**Task details**
Beginning at the line that contains "Amazon Com Nail", reproduce the entries below exactly, ending with the line that contains "Perla di Murano". Omit each picture.

**The data**

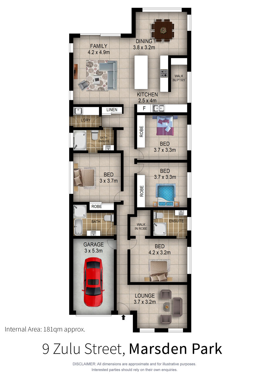 A quiet and convenient setting adds the final touches to this stunning package that's only a few minutes to amenities at Elara Village Shopping Centre in Marsden Park, local schools, including St Lukes Catholic College, daycare facilities and neighbourhood parks. Located at the centre of Sydney's North West growth corridor, 9 Zulu Street is also within a short drive to train stations at both Schofields and Riverstone, and enjoys close proximity to the M7 and M4 motorways.
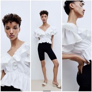 Zara White Ruffle Flounce Sleeve V-Neck Peplum Top
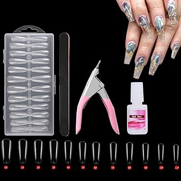 Amazon Com Nail Tips And Glue Fake Nails With Glue Acrylic Nail With Glue 240pcs Long Clear Nail Tips Coffin Shape Ballerina Nail Tips Nail Glue Nail Clipper Nail File For Nail
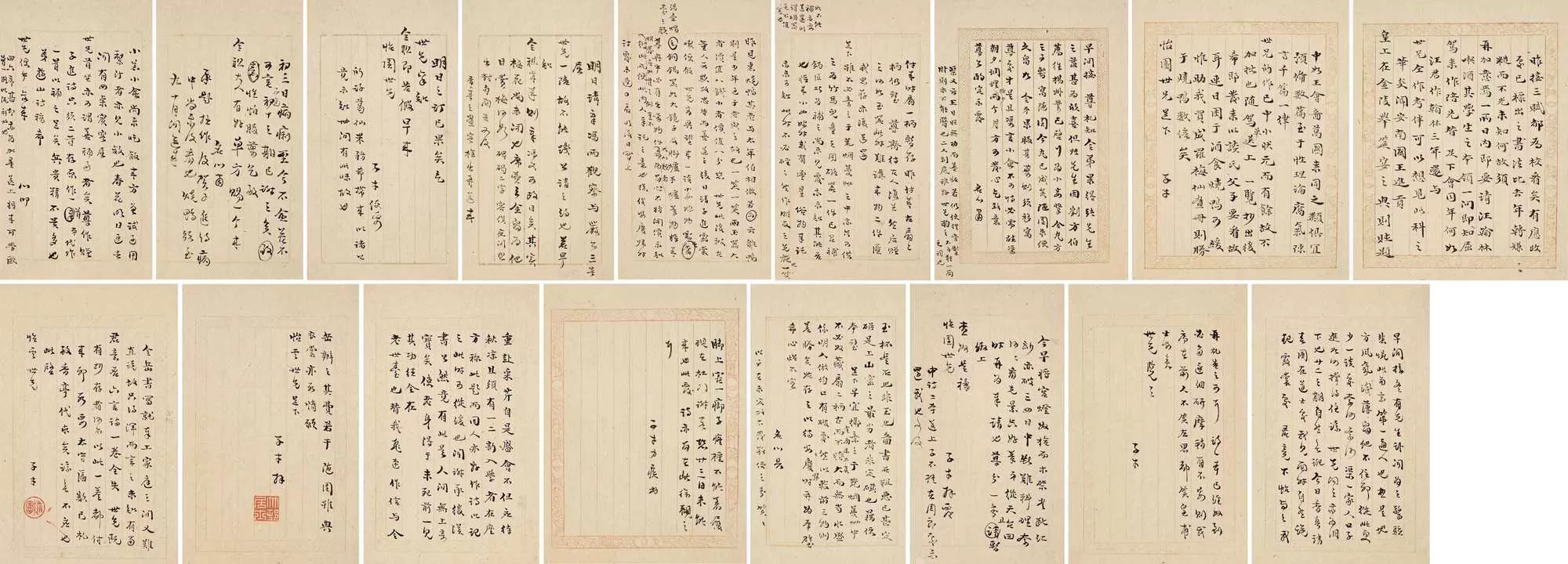 此札集袁子才致陶涣悦信札十四通,计十七页。上款人陶涣悦,字观文,号怡云,江苏上元(今南京)人。袁枚同年陶绍景孙。清嘉庆十二年(1807)举人,官至户部郎中。《随园诗话》卷十四有载:“叶书山侍讲,常为余夸陶京山同年之孙、名涣悦者,英异不群,时才八九岁。稍长,好吟诗,尤好余诗,大半成诵。”后来陶涣悦拜入随园门下,得袁枚衣钵。《小仓山房文集》卷三十一亦记有袁枚为之作《陶怡云诗序》。陶涣悦,是一个与袁子才极为熟稔友好的晚辈,所以每一开都写得特别舒展放松,然笔力健举,气力淳厚,因此幅幅都十分精彩。且保存完美,纸墨如新,是其精作无疑。
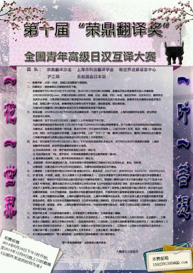 1. 初賽譯文投稿至郵箱1592391395@qq.com
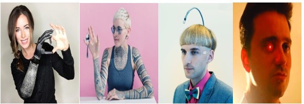 Günümüzde vücutlarını teknoloji ile entegre edilerek görünüşlerini, duyularını, özellikleri ve yeteneklerini artıran ve farklılık katan bireyler bulunmaktadır. Yukarıdaki resimleri incelediğimizde biyonik kol (görsel 1), mıknatıssal özellikli parmak uçları (görsel 2), renklerin ses dalgaları yoluyla algılanabilmesini sağlayan anten (görsel 3), kayıt yapan ve kırmızı ışık yayan biyonik göz (görsel 4) ‘artırılmış insan’a örnek olarak verilebilir. Artırılmış bireye dair daha detaylı bilgiyi Avlupınar (2019)’un blog yazısında bulabilirsiniz.
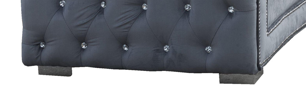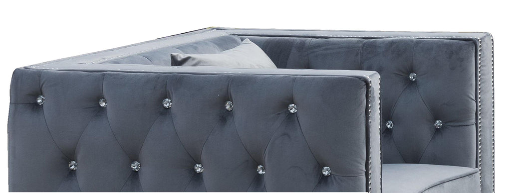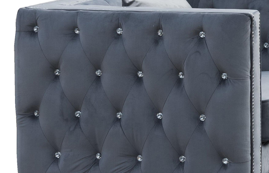 Cosmos Furniture's Zion modern style gray Chair has steel legs with chrome finish. The Zion Chair is elegant and eye catching and is the perfect addition to any space. Modern tufted design shown by the velvet gray color cover, crystal buttons and nail heads. The strength and beauty are guaranteed with sturdy wood frame and chrome legs. This chair is bound to be the conversation piece. One (1) throw pillow is included. Matching more Zion pieces are sold separately to complete the set.
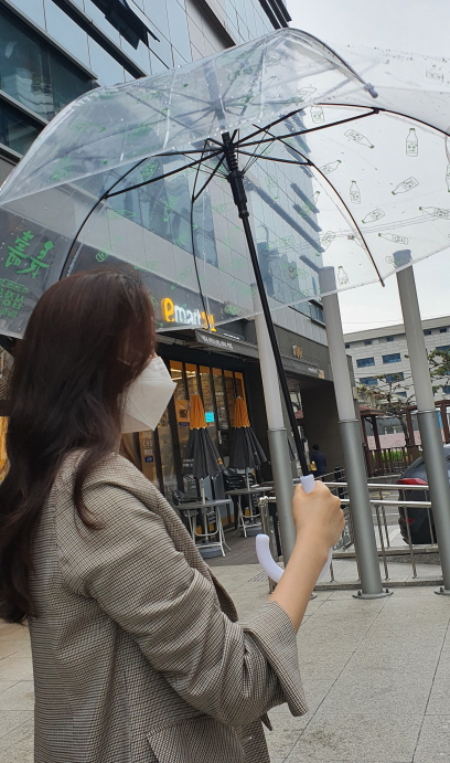장수막걸리 우산은 투명한 장(長)우산에 장수막걸리병을 패턴 디자인해 재미를 더한 상품이다.
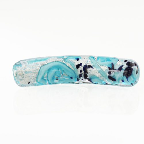Perla di Murano "made in Italy", dall'inusuale forma curva [Ø9x42 mm]. Il vetro é turchese, foglia argento e avventurina blu, con foro passante. La particolare decorazione detta “Medusa” dona movimento e vivacità al colore, aspetto tipico del vetro artistico veneziano. La sua forma permette di ottenere diversi effetti, ottenendo oggetti d'alta bigiotteria artigianale. Non è solo un hobby, ma un'attività propria della nostra tradizione.
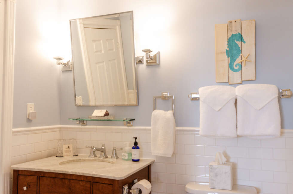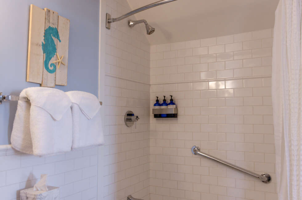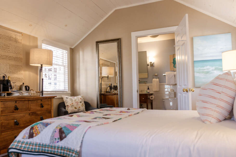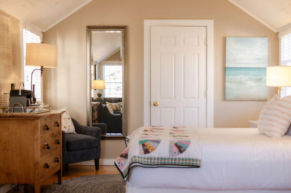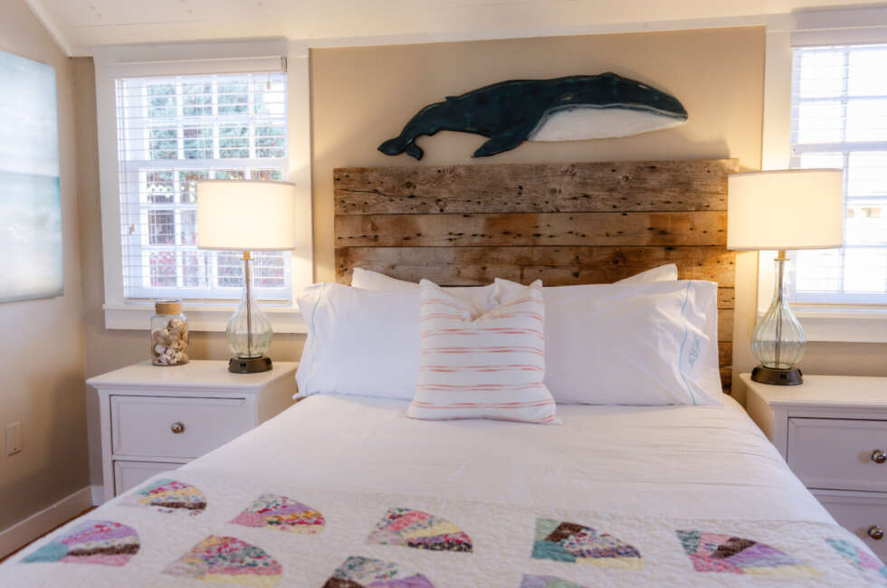 NEW: Courtyard 5 features 1 Queen and 1 Double bed. Our Classic Courtyards 1, 2, 3, 4, and 5 are all original to the property. Every room is unique and overlooks our gorgeous Courtyard and Inn property. At the turn-of-the-20th century, silent screen actors and playwrights spent their summers here enjoying our beautiful village. Courtyard 5 features a unique layout, propane fireplace, bespoke art pieces and coastal charm. Room rates are based on double occupancy. $600-$650/night.
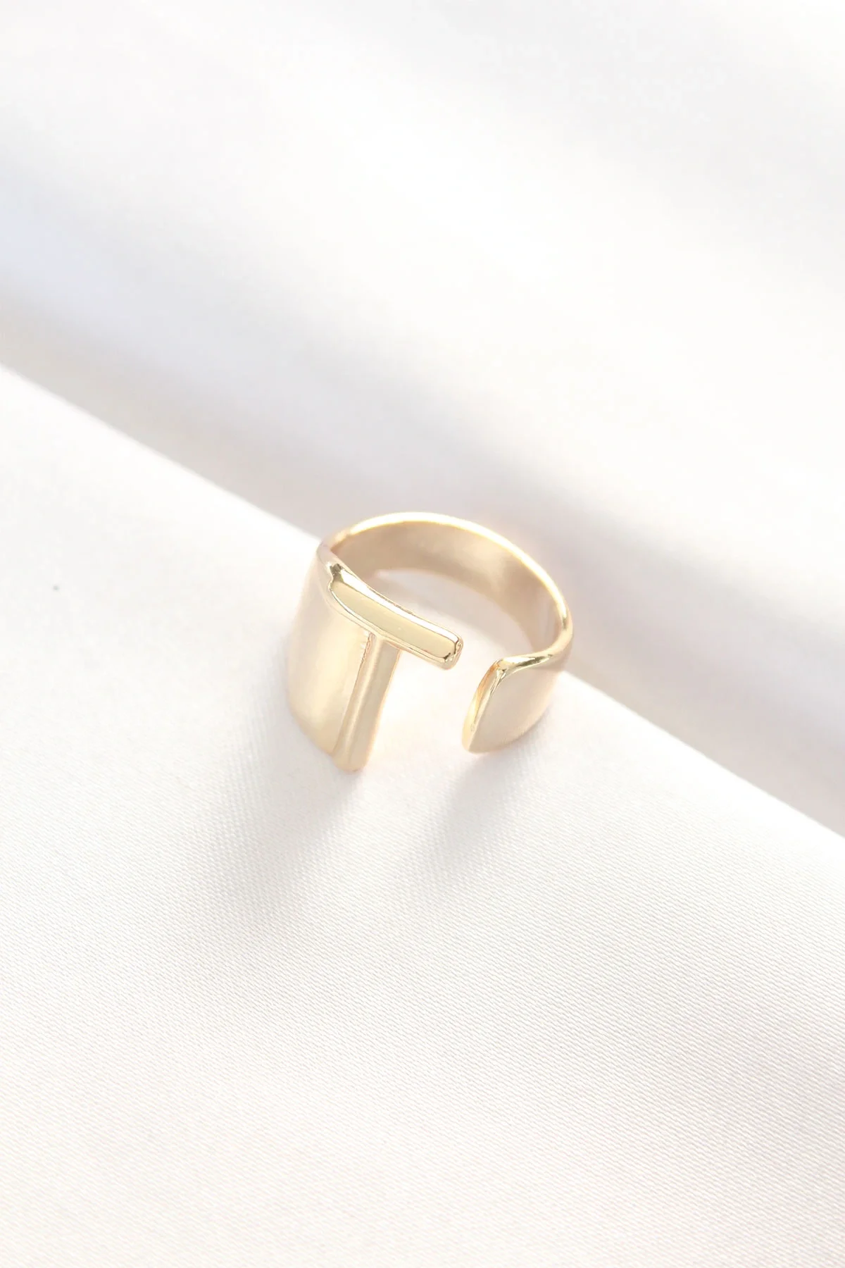 T Harfli Altın Renk Ayarlanabilir Yüzük
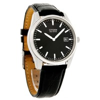Citizen Eco-Drive Mens Stainless Steel Black Leather Strap Watch AU1040-08E

**Problem solution**
 Amazon Com Nail Tips And Glue Fake Nails With Glue Acrylic Nail With Glue 240pcs Long Clear Nail Tips Coffin Shape Ballerina Nail Tips Nail Glue Nail Clipper Nail File For Nail
 此札集袁子才致陶涣悦信札十四通,计十七页。上款人陶涣悦,字观文,号怡云,江苏上元(今南京)人。袁枚同年陶绍景孙。清嘉庆十二年(1807)举人,官至户部郎中。《随园诗话》卷十四有载:“叶书山侍讲,常为余夸陶京山同年之孙、名涣悦者,英异不群,时才八九岁。稍长,好吟诗,尤好余诗,大半成诵。”后来陶涣悦拜入随园门下,得袁枚衣钵。《小仓山房文集》卷三十一亦记有袁枚为之作《陶怡云诗序》。陶涣悦,是一个与袁子才极为熟稔友好的晚辈,所以每一开都写得特别舒展放松,然笔力健举,气力淳厚,因此幅幅都十分精彩。且保存完美,纸墨如新,是其精作无疑。
 1. 初賽譯文投稿至郵箱1592391395@qq.com
 Günümüzde vücutlarını teknoloji ile entegre edilerek görünüşlerini, duyularını, özellikleri ve yeteneklerini artıran ve farklılık katan bireyler bulunmaktadır. Yukarıdaki resimleri incelediğimizde biyonik kol (görsel 1), mıknatıssal özellikli parmak uçları (görsel 2), renklerin ses dalgaları yoluyla algılanabilmesini sağlayan anten (görsel 3), kayıt yapan ve kırmızı ışık yayan biyonik göz (görsel 4) ‘artırılmış insan’a örnek olarak verilebilir. Artırılmış bireye dair daha detaylı bilgiyi Avlupınar (2019)’un blog yazısında bulabilirsiniz.
 Cosmos Furniture's Zion modern style gray Chair has steel legs with chrome finish. The Zion Chair is elegant and eye catching and is the perfect addition to any space. Modern tufted design shown by the velvet gray color cover, crystal buttons and nail heads. The strength and beauty are guaranteed with sturdy wood frame and chrome legs. This chair is bound to be the conversation piece. One (1) throw pillow is included. Matching more Zion pieces are sold separately to complete the set.
장수막걸리 우산은 투명한 장(長)우산에 장수막걸리병을 패턴 디자인해 재미를 더한 상품이다.
Perla di Murano "made in Italy", dall'inusuale forma curva [Ø9x42 mm]. Il vetro é turchese, foglia argento e avventurina blu, con foro passante. La particolare decorazione detta “Medusa” dona movimento e vivacità al colore, aspetto tipico del vetro artistico veneziano. La sua forma permette di ottenere diversi effetti, ottenendo oggetti d'alta bigiotteria artigianale. Non è solo un hobby, ma un'attività propria della nostra tradizione.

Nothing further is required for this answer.